(Items listed in a dataset)
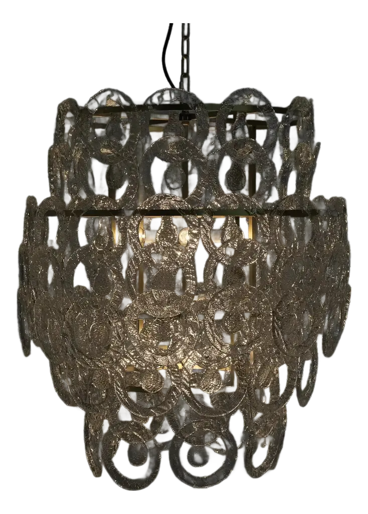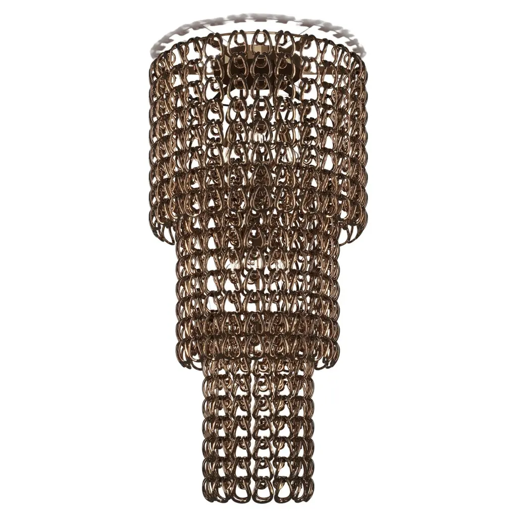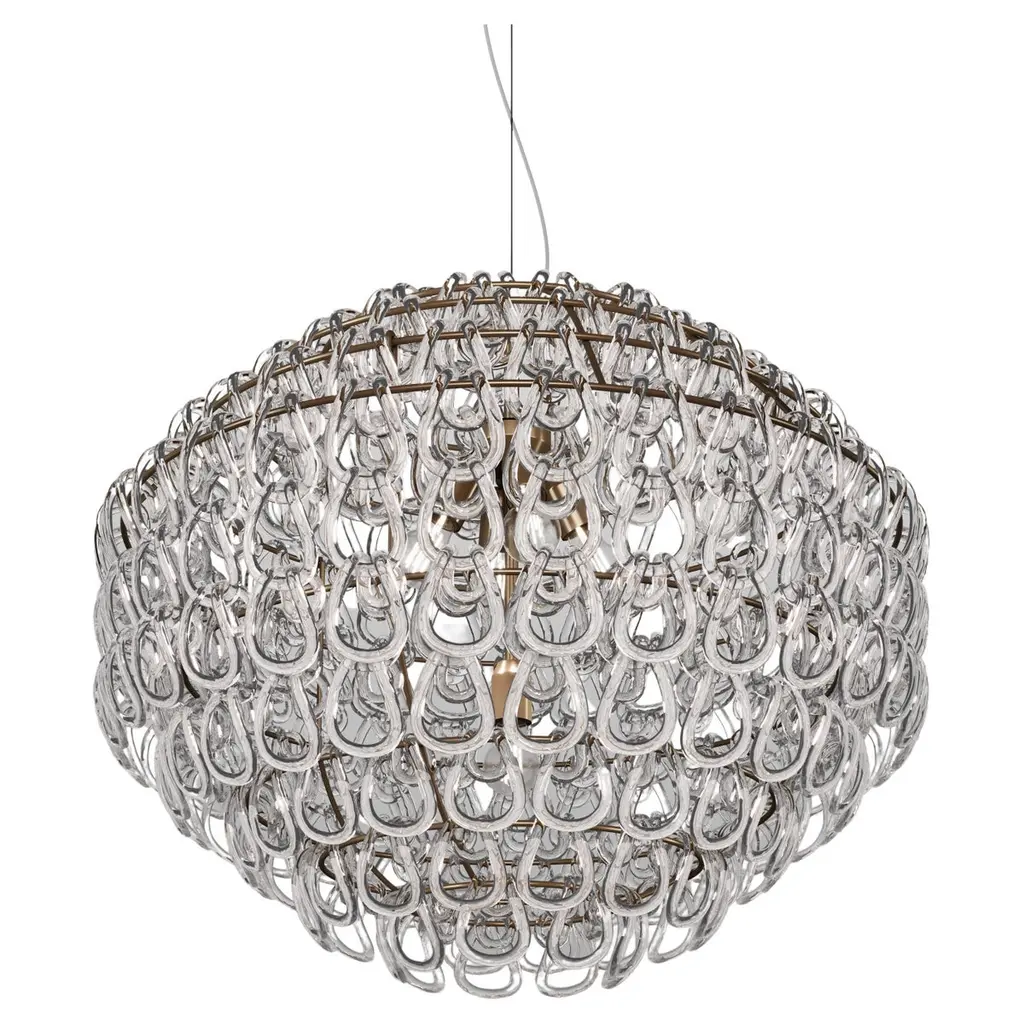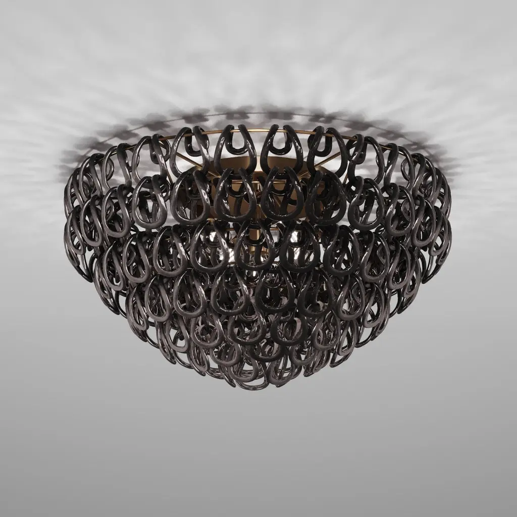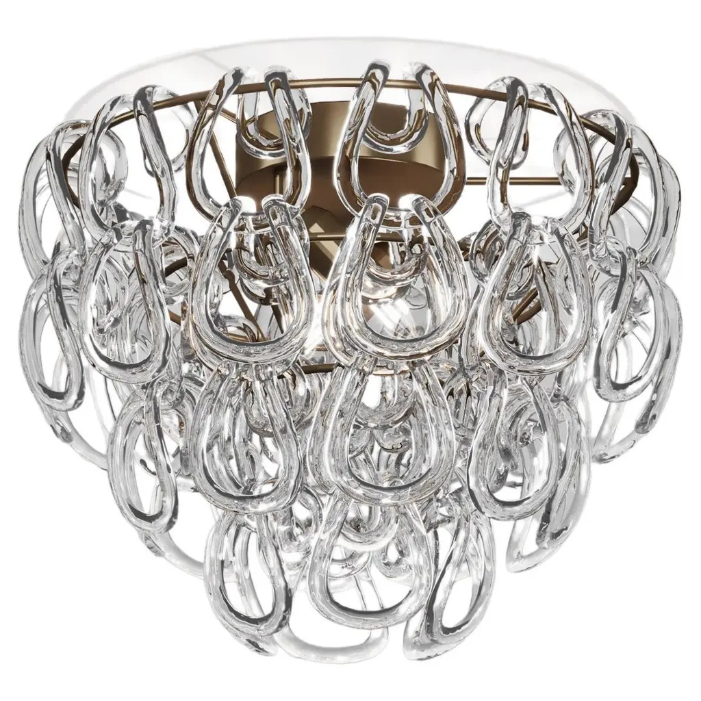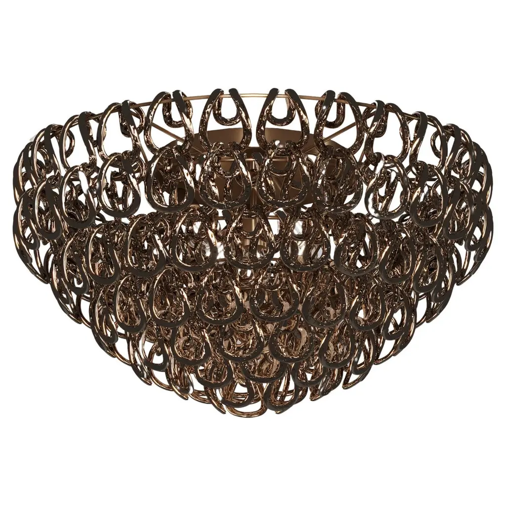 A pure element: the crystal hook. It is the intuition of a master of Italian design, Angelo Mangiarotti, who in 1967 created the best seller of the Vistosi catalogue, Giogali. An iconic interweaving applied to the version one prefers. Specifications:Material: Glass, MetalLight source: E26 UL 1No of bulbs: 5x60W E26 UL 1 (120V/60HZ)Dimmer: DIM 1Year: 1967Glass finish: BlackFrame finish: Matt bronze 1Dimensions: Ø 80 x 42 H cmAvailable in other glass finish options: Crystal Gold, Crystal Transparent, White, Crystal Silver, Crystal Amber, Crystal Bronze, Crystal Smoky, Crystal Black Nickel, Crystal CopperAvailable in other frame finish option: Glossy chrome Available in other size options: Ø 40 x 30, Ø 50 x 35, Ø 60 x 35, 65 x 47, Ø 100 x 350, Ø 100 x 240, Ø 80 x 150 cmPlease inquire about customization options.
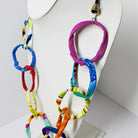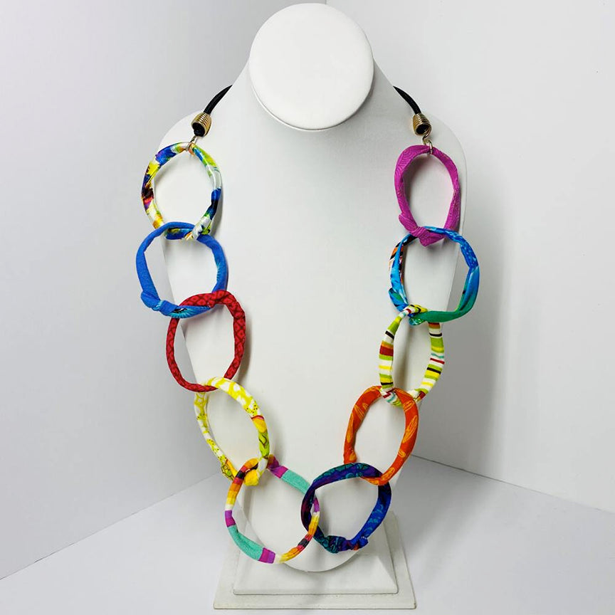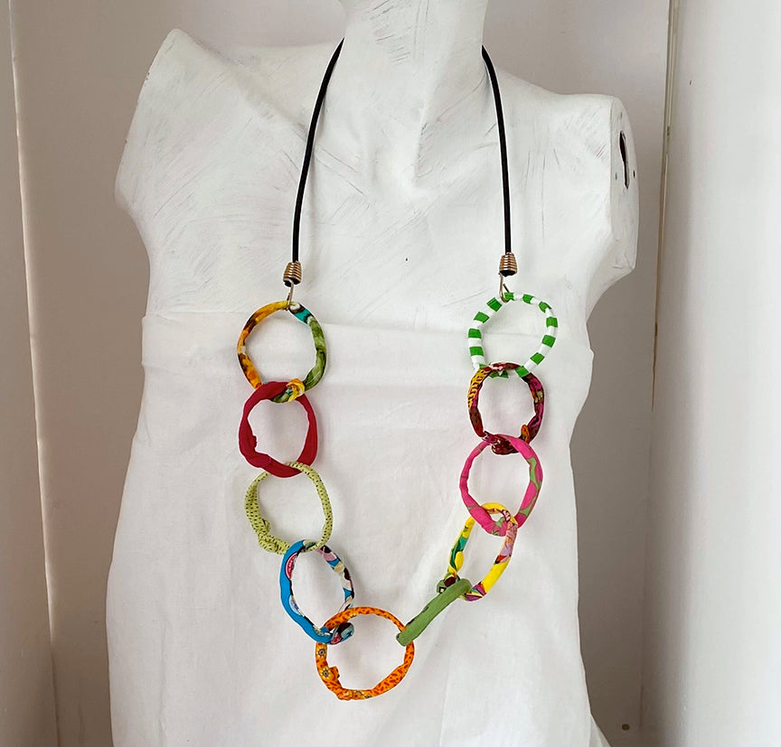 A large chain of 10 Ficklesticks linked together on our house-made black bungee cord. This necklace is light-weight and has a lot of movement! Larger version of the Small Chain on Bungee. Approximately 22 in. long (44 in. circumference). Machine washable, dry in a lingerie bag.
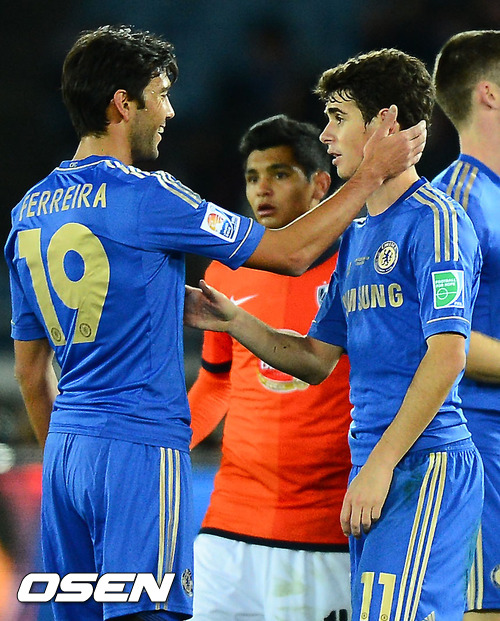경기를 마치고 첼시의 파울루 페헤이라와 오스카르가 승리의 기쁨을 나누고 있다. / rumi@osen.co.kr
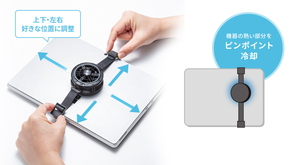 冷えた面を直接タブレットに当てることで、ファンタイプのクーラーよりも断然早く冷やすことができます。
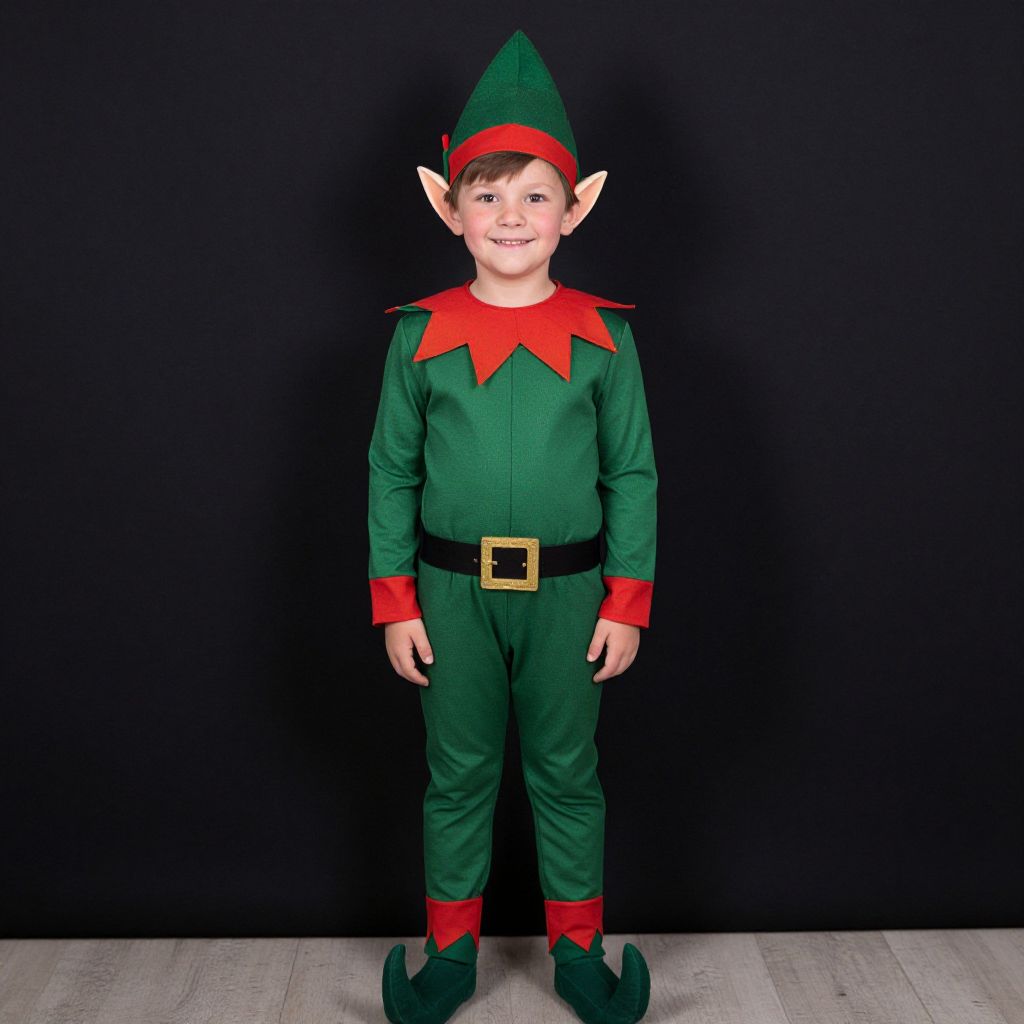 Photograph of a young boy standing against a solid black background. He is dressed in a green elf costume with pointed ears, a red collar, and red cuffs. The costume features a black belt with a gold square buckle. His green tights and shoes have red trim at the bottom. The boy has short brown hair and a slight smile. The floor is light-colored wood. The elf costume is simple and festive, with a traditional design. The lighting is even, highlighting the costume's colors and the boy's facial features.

*Description of the task*.
Write the data above out again exactly, every line of it, and exclude the pictures.

*Answer to the exercise*.
 A pure element: the crystal hook. It is the intuition of a master of Italian design, Angelo Mangiarotti, who in 1967 created the best seller of the Vistosi catalogue, Giogali. An iconic interweaving applied to the version one prefers. Specifications:Material: Glass, MetalLight source: E26 UL 1No of bulbs: 5x60W E26 UL 1 (120V/60HZ)Dimmer: DIM 1Year: 1967Glass finish: BlackFrame finish: Matt bronze 1Dimensions: Ø 80 x 42 H cmAvailable in other glass finish options: Crystal Gold, Crystal Transparent, White, Crystal Silver, Crystal Amber, Crystal Bronze, Crystal Smoky, Crystal Black Nickel, Crystal CopperAvailable in other frame finish option: Glossy chrome Available in other size options: Ø 40 x 30, Ø 50 x 35, Ø 60 x 35, 65 x 47, Ø 100 x 350, Ø 100 x 240, Ø 80 x 150 cmPlease inquire about customization options.
 A large chain of 10 Ficklesticks linked together on our house-made black bungee cord. This necklace is light-weight and has a lot of movement! Larger version of the Small Chain on Bungee. Approximately 22 in. long (44 in. circumference). Machine washable, dry in a lingerie bag.
경기를 마치고 첼시의 파울루 페헤이라와 오스카르가 승리의 기쁨을 나누고 있다. / rumi@osen.co.kr
 冷えた面を直接タブレットに当てることで、ファンタイプのクーラーよりも断然早く冷やすことができます。
 Photograph of a young boy standing against a solid black background. He is dressed in a green elf costume with pointed ears, a red collar, and red cuffs. The costume features a black belt with a gold square buckle. His green tights and shoes have red trim at the bottom. The boy has short brown hair and a slight smile. The floor is light-colored wood. The elf costume is simple and festive, with a traditional design. The lighting is even, highlighting the costume's colors and the boy's facial features.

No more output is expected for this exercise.